OptParam and QEMParam

OptParam or QEMParam(init, trans=None, ignore_platenames=(), name=None)

OptParam and QEMParam specify a parameter to be learned (e.g. using VI or QEM).

They don’t know the eventual size of the parameter, as they don’t know the platesizes. The actual parameter gets initialized when the Plate is wrapped in a BoundPlate, as that’s when the platesizes become known. Instead, OptParam or QEMParam just knows the initial value.

Arguments:

init (float or Tensor):: Initial value of the parameter. Usually, this would be a float. If you wanted to specify e.g. the mean of a MultivariateNormal, you’d use a torch.Tensor. But this would always be a plain tensor, never named.

Keyword Arguments:

trans (function) (only OptParam):: Transformation to be applied to the parameter before use. This is most useful for e.g. the scale of a Gaussian, which must be postive. But you can’t guarantee that the optimizer will keep the parameter positive. So instead, you apply a transformation, such as exponentiation, which maps any number on the real line to something positive. Note that the init is the initial value _before_ the transformation.
ignore_platenames (iterable):: By default, we create a parameter with all appropriate platenames. Such parameters could be quite large, and this could be inappropriate if we want to set up parameter on the prior, P. So if you want to skip any parameters, you’d include them in here.
name (str):: By default, the parameter is named <variable name>_<distribution argument name>. So in the example above, we’d end up with two parameters, named a_loc and a_scale.

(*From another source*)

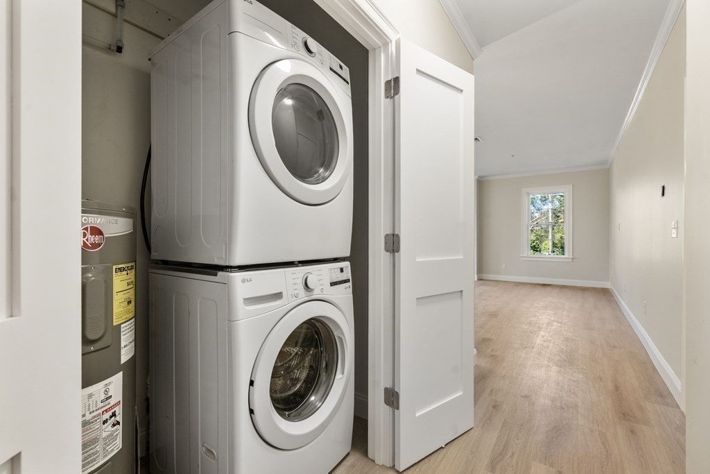 Introducing Gateway at Millis! A NEW CONSTRUCTION, owner managed, premium high efficiency apartment building with a total of 16 - 1, 2 & 3 bedroom units. Unit 303 is a spacious 2 bedroom unit with high end tasteful details, INCLUDING IN-UNIT LAUNDRY. Large windows facing south flood the apartment with natural light and provide a beautiful view of woodlands. Wood laminate flooring throughout the living areas offer a modern design. Premium carpeted bedrooms with large closets. The primary bedroom offers a private bath. Cornered on dead-end street and within walking distance to spectacular views of the Charles River and kayak/canoe launch. This is a high efficiency unit using no fossil fuels. Tenant is responsible for water and electricity. Landlord seeking a tenant with 700+ credit score. There is a $50 per month cat fee and a $75 per month dog fee.

Note: No transformation kwarg for QEMParam

Parameters learned using QEM don’t need transformations to keep them within required limits, so there is no transformation kwarg.

Note: QEMParam is all-or-non.

When using QEM parameters, you must use QEM parameters for all parameter to a distribution, so the following code won’t work:

P = Plate(
    a = Normal(QEMParam(0.), 1.)
    ...
)

You must instead use:

P = Plate(
    a = Normal(QEMParam(0.), 1.)
    ...
)

Note: Names when optimizing parameters in the prior

When doing Bayesian inference, it is generally preferable to avoid learned parameters in you prior, and instead learn everything. However, sometimes we do want learned parameters in the prior, and Alan allows this. However, there is one gotcha. Namely, that you might want to learn the prior and approximate posterior mean of the random variable a:

P = Plate(
    a = Normal(OptParam(0.), 1.)
    ...
)
Q = Plate(
    a = Normal(OptParam(0.), 1.)
    ...
)

However, this parameter will have the same name (a_loc) in P and Q, which isn’t allowed. So we will need to explicitly specify the name on one of these:

P = Plate(
    a = Normal(OptParam(0., name="a_loc_P"), 1.)
    ...
)
Q = Plate(
    a = Normal(OptParam(0.), 1.)
    ...
)